**Data:**
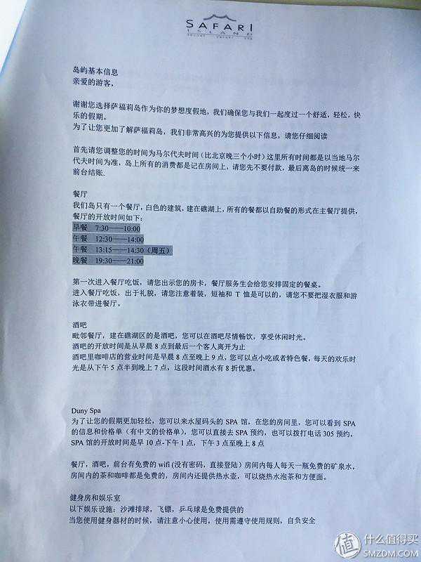 被超瘦的小哥领去前台办理入住,我们是先水屋再沙屋,岛上房间有限,安排啥就是啥吧。然后发一些说明,以及告知出海浮潜及海钓时间,以及想玩水上项目在哪里等等注意事项。
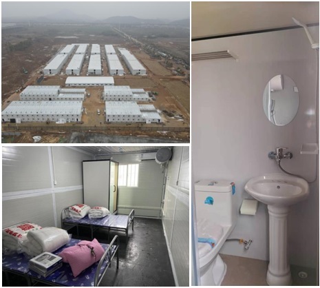 “越是艱難,越要咬緊牙關(guān)挺過去”,項(xiàng)目現(xiàn)場負(fù)責(zé)人說。在施工、采購、調(diào)度各環(huán)節(jié),國資集團(tuán)不斷創(chuàng)新,會(huì)同各參建單位想盡一切辦法為項(xiàng)目建設(shè)提速,截至2月19日,準(zhǔn)備區(qū)折疊房、緩沖區(qū)活動(dòng)板房、隔離區(qū)打包房、污水處理點(diǎn)用房已安裝完成,室內(nèi)水電、家具、電器已完成90%,室外附屬工程已基本完成。已建成的折疊房和打包房,配備了空調(diào)、熱水器、淋浴房、馬桶、洗手臺(tái)、床、被單、棉被、枕頭、桌子、凳子等,必需的生活配套一應(yīng)俱全。
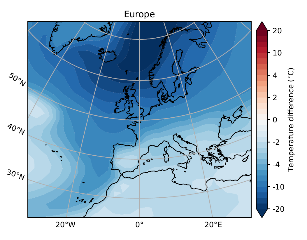 El col·lapse de l’AMOC farà que les temperatures de l’hemisferi sud augmentessin, ja que les aigües càlides no es desplaçarien, i al nord seria al revés. El desgel faria que s’augmentés el nivell del mar a Europa en 100 cm, i països com el Regne Unit, Noruega, Suècia o Islàndia veurien com la seva temperatura baixaria entre cinc i 15 graus de mitjana.
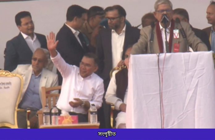 মঞ্চে সাধারণ চেয়ার টেনে বসলেন তারেক রহমান
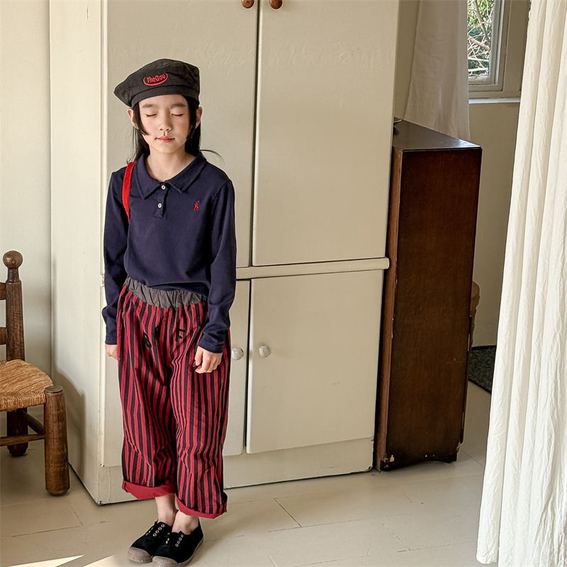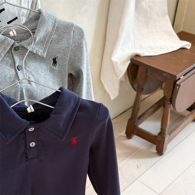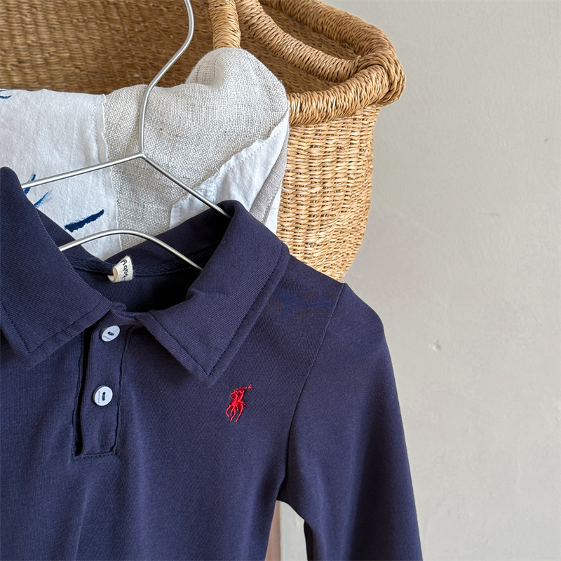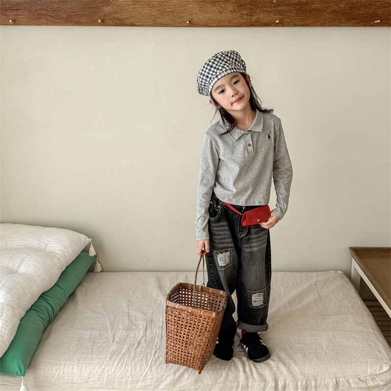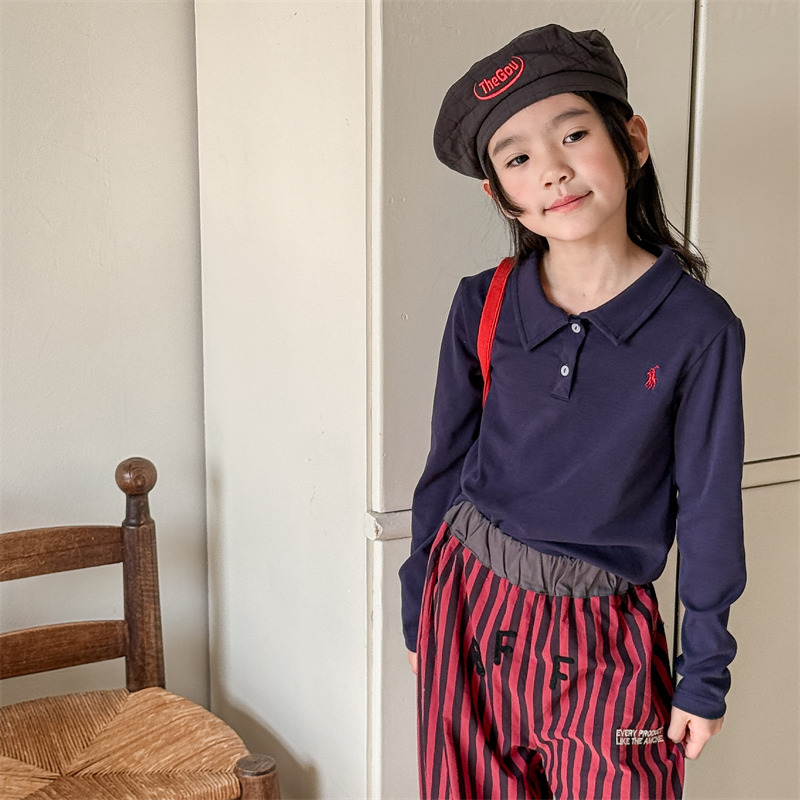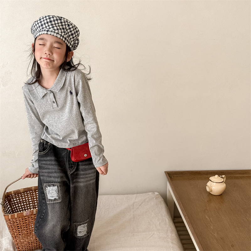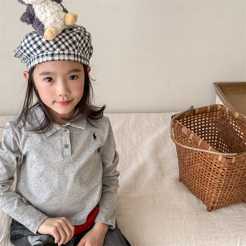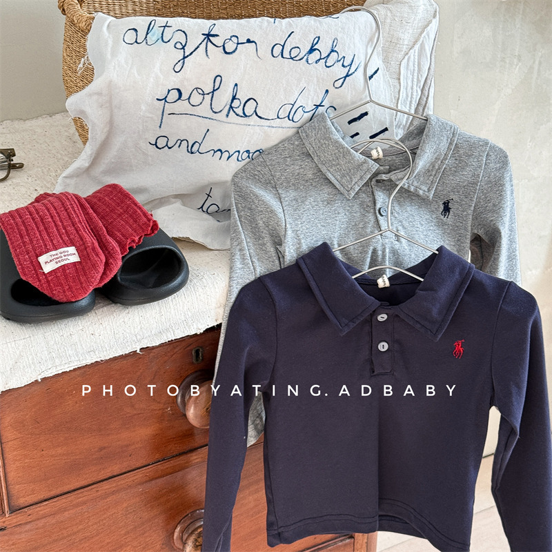 2025 가을 아동 의류 새로운 어린이 한국 스타일 가을 긴팔 티셔츠 소년 소녀 폴로 셔츠 바닥 셔츠 6072
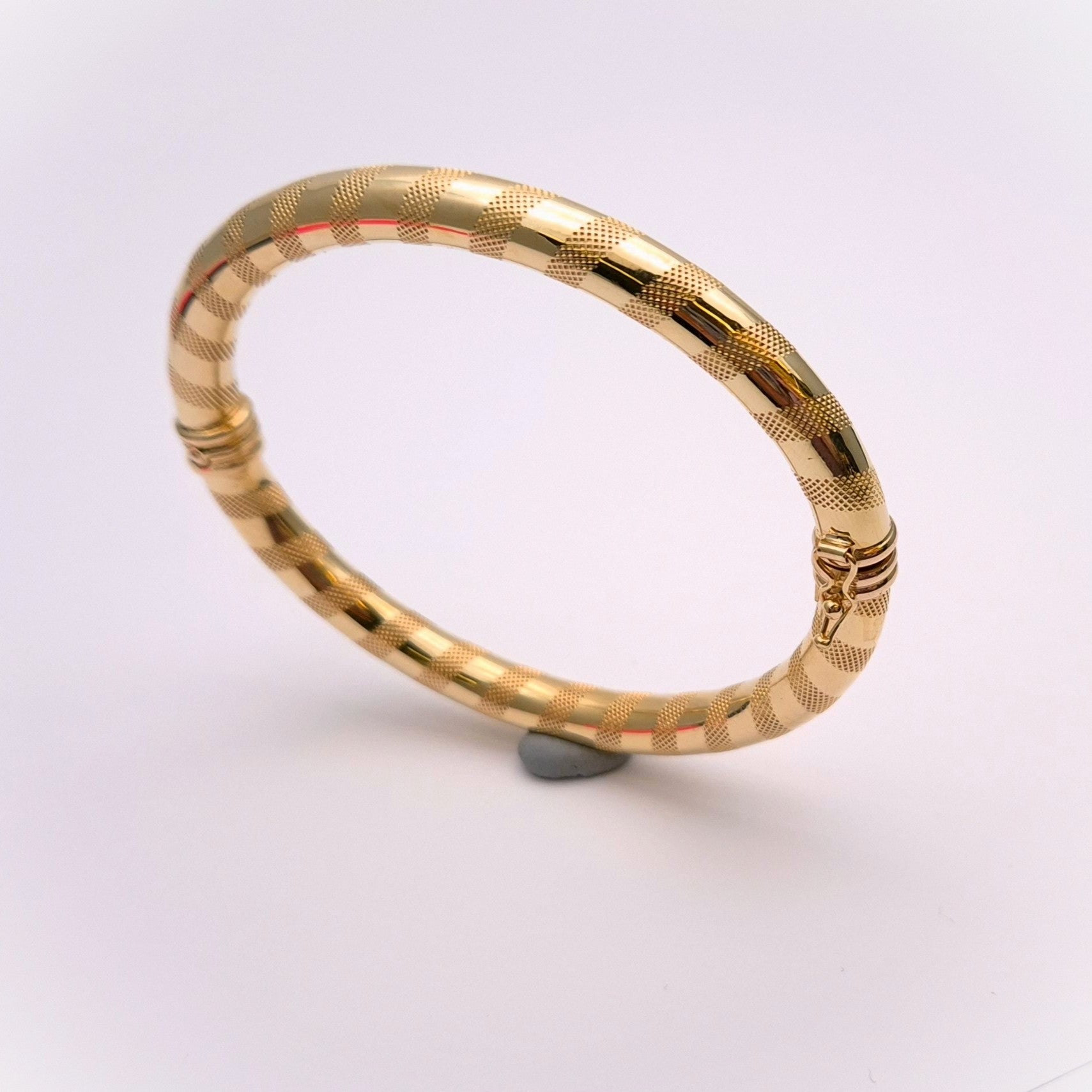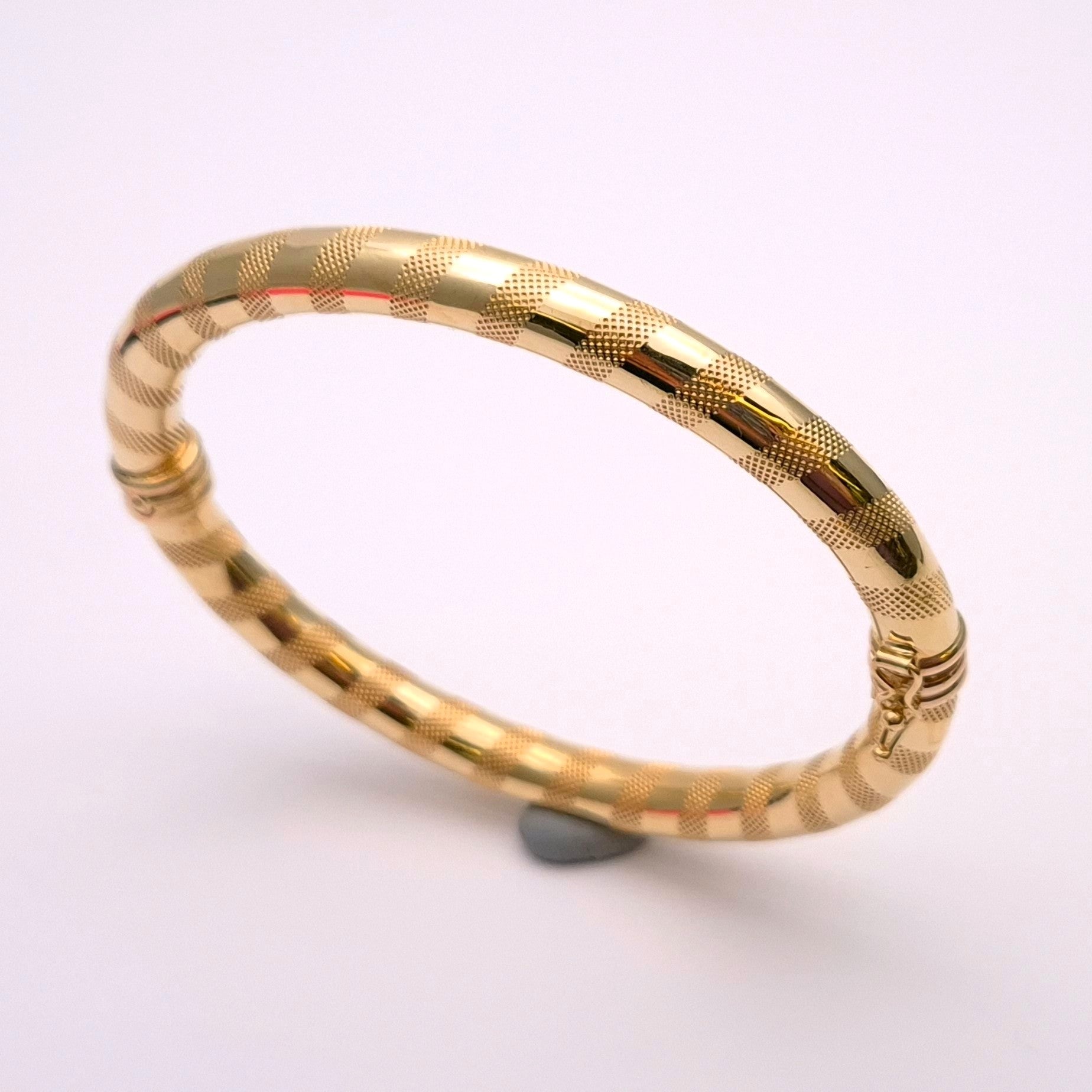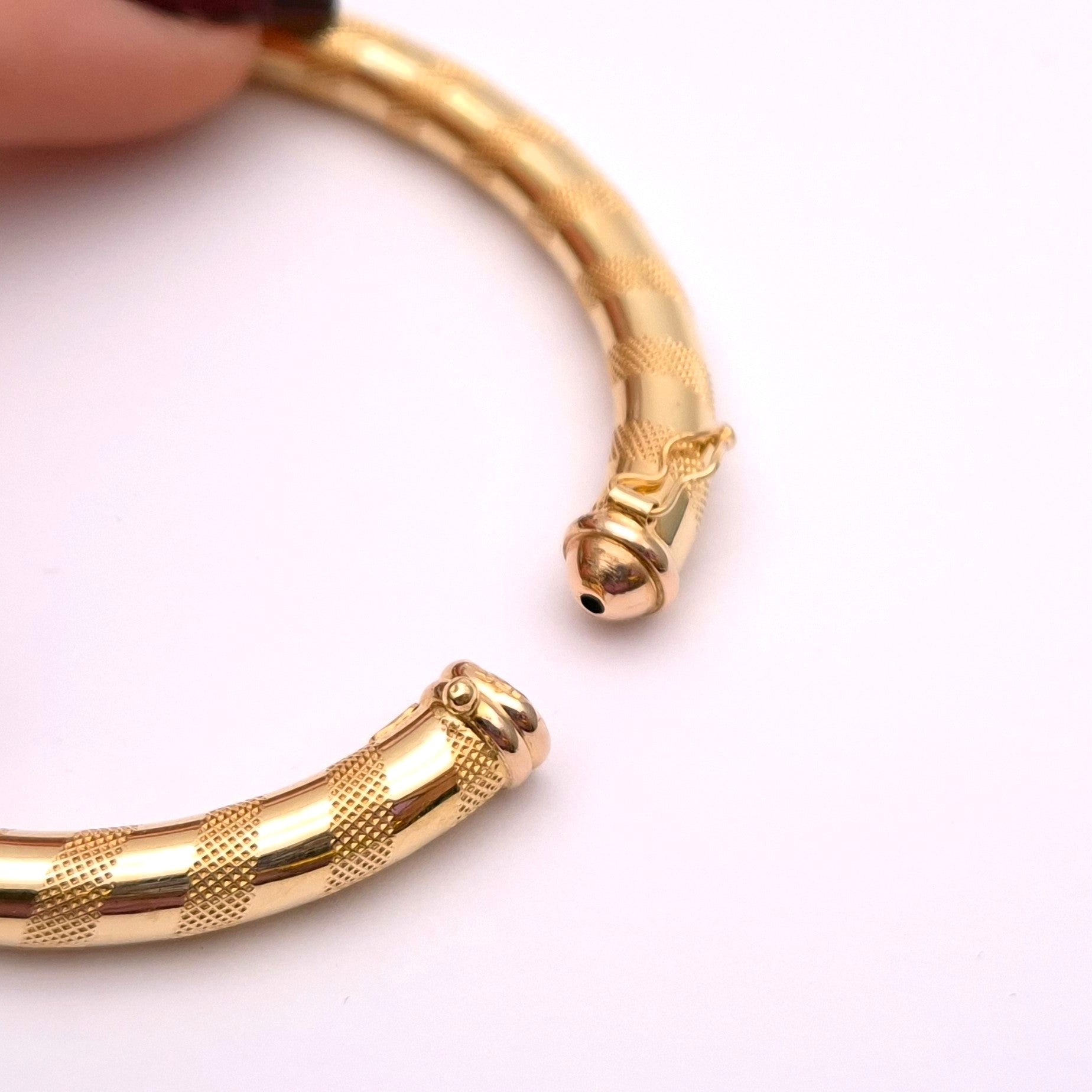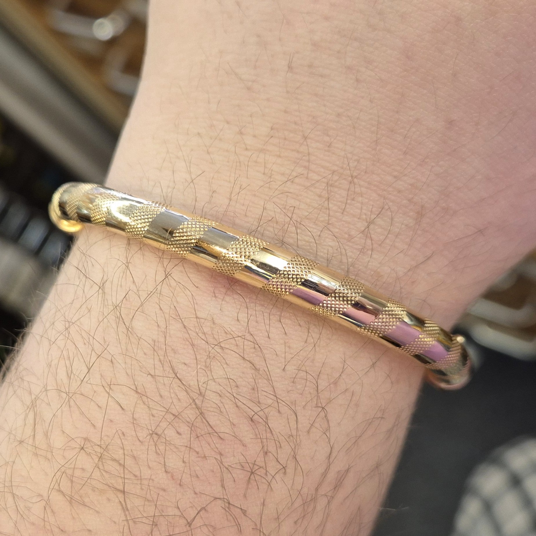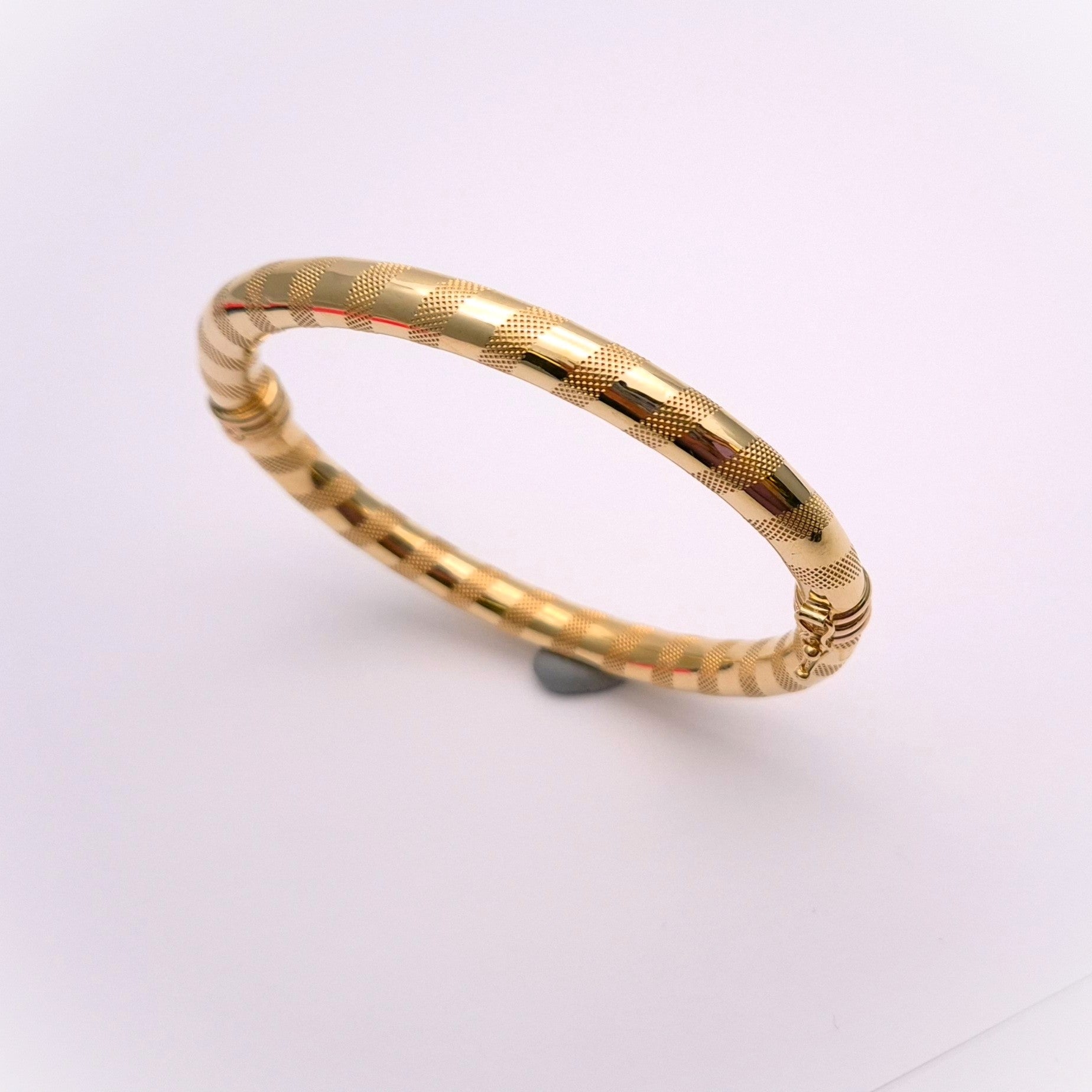 9ct Yellow Gold Textured Stripe Spring Hinged bangle
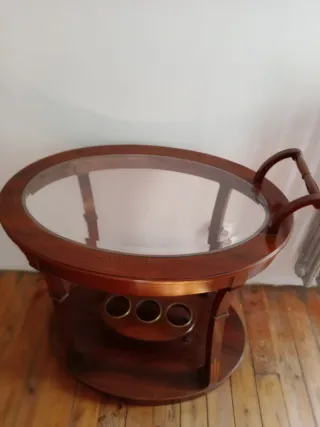 Carrito camarera con ruedas antiguo. Madera con marquetería y parte superior de cristal. Excelente estado, apenas unos minúsculos rocecitos.
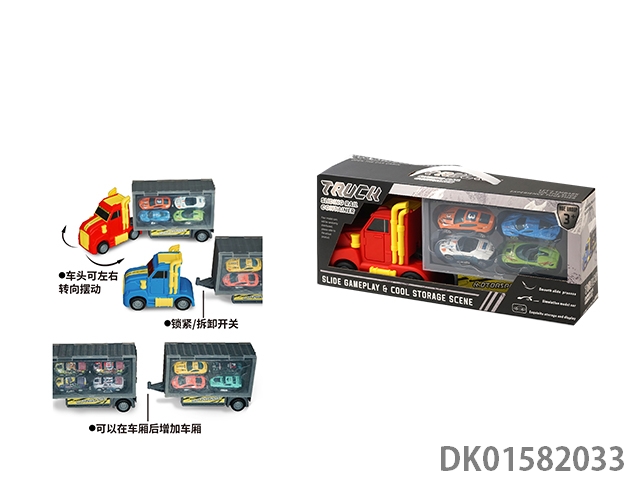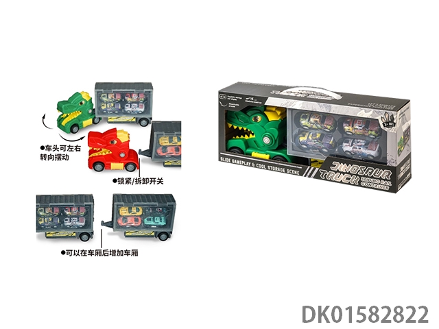 Dinosaur trailer truck slide rail storage container truck (the front of the truck can be turned and multiple compartments can be spliced, paired with a 4-alloy truck)
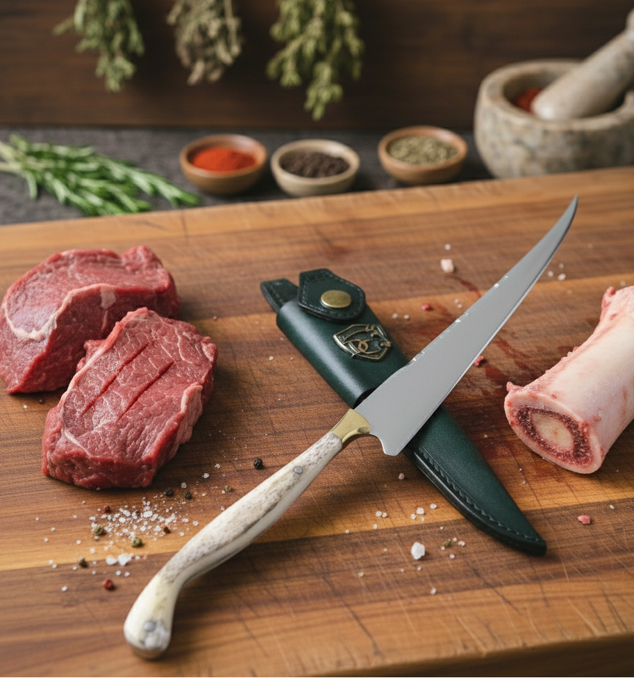 Experimente a perfeição no corte com nossa Faca Fileteira em Aço Inox 420C com Cabo de Osso Bovino, uma peça artesanal que combina tecnologia de ponta com materiais nobres e a tradição da cutelaria gaúcha.

**Task directions:** What you return should match the records line for line, minus the pictures.

**Answer for the task:**
 被超瘦的小哥领去前台办理入住,我们是先水屋再沙屋,岛上房间有限,安排啥就是啥吧。然后发一些说明,以及告知出海浮潜及海钓时间,以及想玩水上项目在哪里等等注意事项。
 “越是艱難,越要咬緊牙關(guān)挺過去”,項(xiàng)目現(xiàn)場負(fù)責(zé)人說。在施工、采購、調(diào)度各環(huán)節(jié),國資集團(tuán)不斷創(chuàng)新,會(huì)同各參建單位想盡一切辦法為項(xiàng)目建設(shè)提速,截至2月19日,準(zhǔn)備區(qū)折疊房、緩沖區(qū)活動(dòng)板房、隔離區(qū)打包房、污水處理點(diǎn)用房已安裝完成,室內(nèi)水電、家具、電器已完成90%,室外附屬工程已基本完成。已建成的折疊房和打包房,配備了空調(diào)、熱水器、淋浴房、馬桶、洗手臺(tái)、床、被單、棉被、枕頭、桌子、凳子等,必需的生活配套一應(yīng)俱全。
 El col·lapse de l’AMOC farà que les temperatures de l’hemisferi sud augmentessin, ja que les aigües càlides no es desplaçarien, i al nord seria al revés. El desgel faria que s’augmentés el nivell del mar a Europa en 100 cm, i països com el Regne Unit, Noruega, Suècia o Islàndia veurien com la seva temperatura baixaria entre cinc i 15 graus de mitjana.
 মঞ্চে সাধারণ চেয়ার টেনে বসলেন তারেক রহমান
 2025 가을 아동 의류 새로운 어린이 한국 스타일 가을 긴팔 티셔츠 소년 소녀 폴로 셔츠 바닥 셔츠 6072
 9ct Yellow Gold Textured Stripe Spring Hinged bangle
 Carrito camarera con ruedas antiguo. Madera con marquetería y parte superior de cristal. Excelente estado, apenas unos minúsculos rocecitos.
 Dinosaur trailer truck slide rail storage container truck (the front of the truck can be turned and multiple compartments can be spliced, paired with a 4-alloy truck)
 Experimente a perfeição no corte com nossa Faca Fileteira em Aço Inox 420C com Cabo de Osso Bovino, uma peça artesanal que combina tecnologia de ponta com materiais nobres e a tradição da cutelaria gaúcha.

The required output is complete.